My LZ is at 300′ Above Seal Level(ASL). My density altitude last night was 2800′. I’ll explain the real world consequences in just a bit.
First what is density altitude? The simplest way for me to say is: It’s a measurement of how dense the air “feels” compared to what altitude you are really at.
Think about climbing a mountain. As you go up the air becomes thinner, harder to breath. For aircraft this means your wing has less air to “bite”, less lift is created as a result. And just like it harder for you to breath, it’s a tiny bit harder for your engine to breath.
The equation to figure this out takes into account temperature, barometric pressure, and humidity. In hot, humid conditions your density altitude will be higher. Colder temps give us denser air and a lower density altitude.
Flying from home I’ve gotten into the habit of checking winds aloft(ryancarlton.com) and the radar but not tuning into the AWOS(Automated Weather Observation System) at the airport. Mistake.
The Setup: It’s 1700, winds 3-8, and it is hot here in TN with 99.9% humidity(possible small exaggeration). I’m flying with my bulky XC bag, luckily with most of the weight removed.
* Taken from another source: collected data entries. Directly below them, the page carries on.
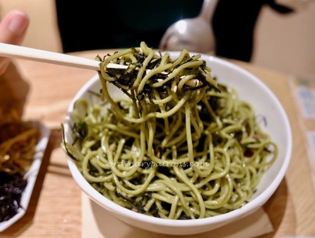 Here are pictures of the chasoba. The cold soba was mixed in some sort of sweetish sesame dressing which did not really appeal to us. We also thought that the soba itself was a bit hard.
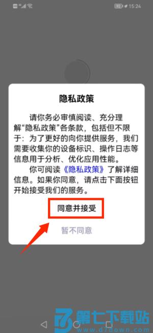 1、首次启动应用,请在隐私政策弹窗点击同意并接受。
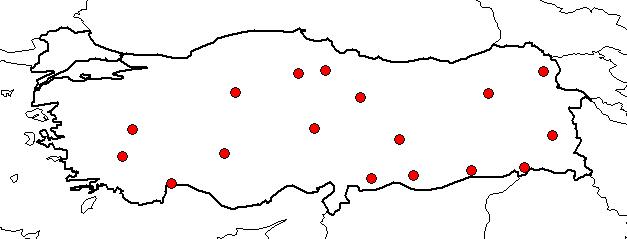 | Based on Vilayets: | GAZİANTEP, KARS, MARDİN, ŞIRNAK, AMASYA, ANKARA, ANTALYA, ÇORUM, DENİZLİ, ERZURUM, KAYSERİ, KONYA, MALATYA, SİVAS, ŞANLIURFA, UŞAK, VAN|

I’ve got 400′ of runway in front of me. With this wind I usually need about 100′.
The Launch: Wing inflates well and within a few steps I have it “locked in”, go full throttle and commit to launch. Pretty quick I notice a lack of lift. I can tell by the sound my engine is spinning up nicely, but the glider just isn’t wanting to fly today. No cravats or other problems so I push on. Finally at about 250′ I start to lift off, barely. I have to tiptoe for another 50′-75′ while applying more than normal brake pressure before I finally break contact with the grass.
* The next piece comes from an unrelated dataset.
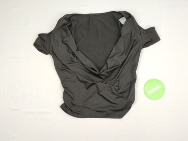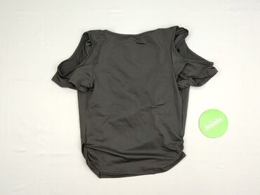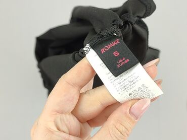 Krótki rękawCzarna bluzka marki Romwe w rozmiarze S. Bluzka ma krótkie rękawy i jest w idealnym stanie. Fason bluzki jest luźny, z drapowaniem z przodu, co dodaje jej elegancji. Wykonana z materiału, który dobrze się układa.

The Climb out: Roughly 1500′ beyond my runway there are trees and power lines. Most days I would clear them by 100′ or more easily. But I was not climbing at all. I was “stuck” 20′ up still holding brake pressure at full power. Finally about 500′ after takeoff I started to get some lift but no way was I going to clear the obstacles. I released my left brake pressure and let the glider go into the gentlest bank that would allow me to turn away from the trees, and got away with it.
A friend called a few minutes later from the airport to ask about the flying conditions. That’s when it dawned on me what the likely culprit was and I asked him to check. In the future I will for sure keep a closer eye on the Density Altitude before attempting a launch.